The greater threat is obvious. The only way America can be brought down is from within, by lying autocratic politicians, deceivers, robber-barons, and by the lazy voters (and non-voters) and complicit press who enable and excuse them. Trumpism is the Cascadia fault line. ISIS is a tremor.

And now, having praised those Harvardites for their grasp of the obvious, let me acknowledge college students can also be idiots. When I was one, I was one. But I never shouted anyone down, demanded a speaker be disinvited, or felt “unsafe” in the face of contrary ideas. Nor did my classmates, some of whom turned their backs, or walked out, or refused diplomas when Robert McNamara was given an honorary degree at our graduation. (That was early enough among Vietnam war protests that it made national headlines.)

No more than “alt-right” threats and violence against minorities define true conservatism, those overly sensitive, safe-space-seeking, micro-aggression-claiming, speech-drowning students don’t define liberalism.
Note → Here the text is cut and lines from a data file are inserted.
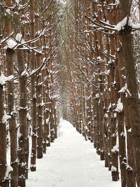 Зимний лес с тропой среди сосен
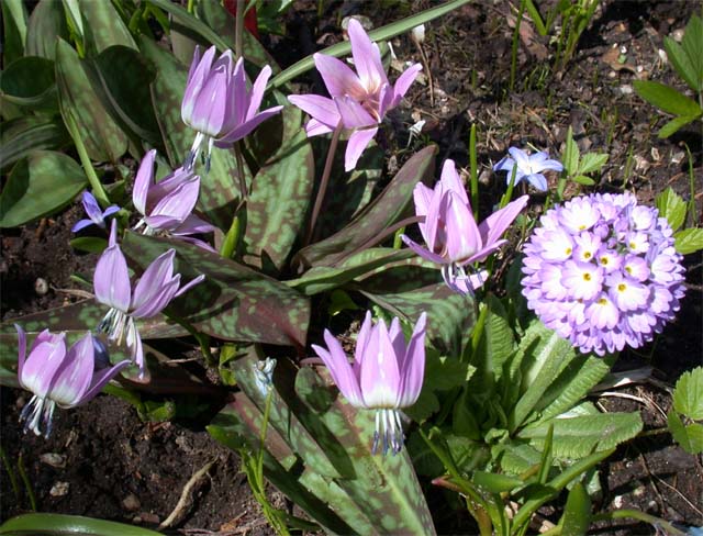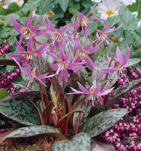 Крім іншого, хорошими сусідами для Ерітроніум стануть невисокі чагарники: ялівці, кизильники, падуболистная магония. Можна зробити посадку тих рослин, які в природі ростуть разом з Кандик: печіночниця, Трілліум.
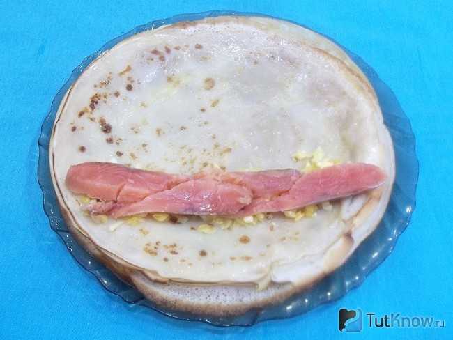 Рецепт блинов с начинкой из красной рыбы, лука и огурца
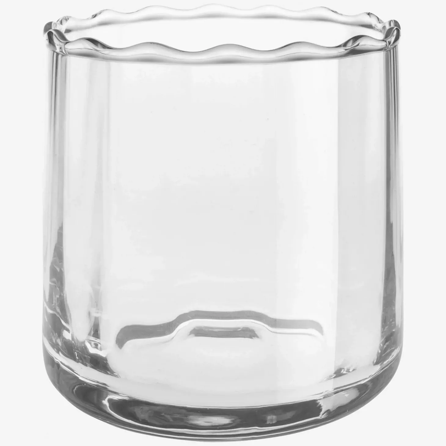 Ce vase en verre transparent a été soufflé à la bouche. Il mesure 10 cm de diamètre et de hauteur. Il capture la lumière et la diffuse dans la pièce tout en sublimant vos bouquets.
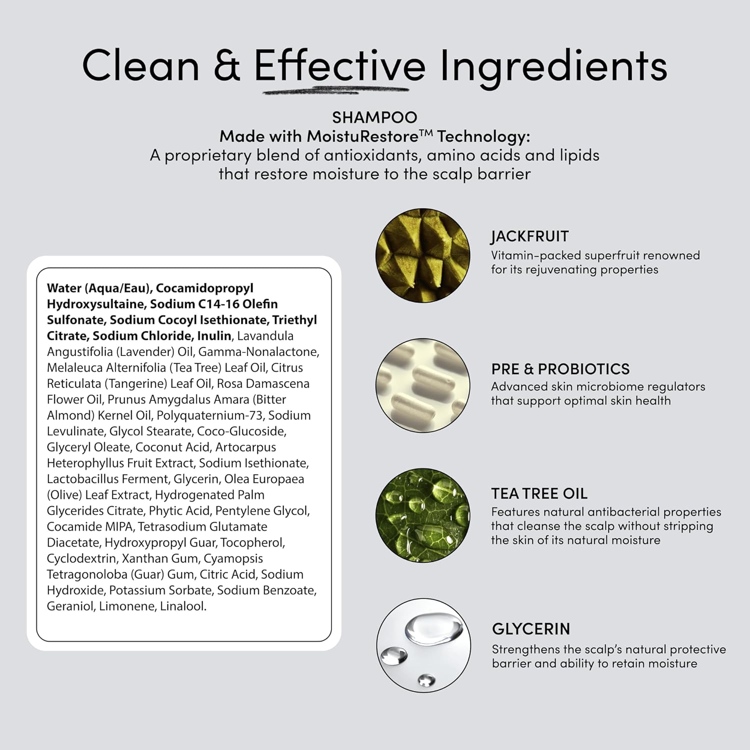 - EVERYDAY HYDRATION SHAMPOO & CONDITIONER: This moisture-rich shampoo and conditioner set works in harmony to deeply hydrate from root to tip, leaving hair soft, silky, and manageable. Powered by Tea Tree Oil, MoistuRestore Technology, prebiotics, essential lipids, and proteins, it delivers lasting hydration and reduces hair breakage by over 82%.

They’re the opposite. They anger and embarrass me, as do administrators who coddle them. There are words and actions, especially directed against minorities, that are inexcusable and shouldn’t be tolerated, on campus or anywhere. But if colleges and universities aren’t places where uncomfortable and unfamiliar ideas can be aired and challenged by direct discourse, what are?

As to those who turn peaceful protests violent, I abhor them even more. Effectively, they may as well be working for Trump. For that matter, since it’s always a handful of goons in disguise, who can say they aren’t?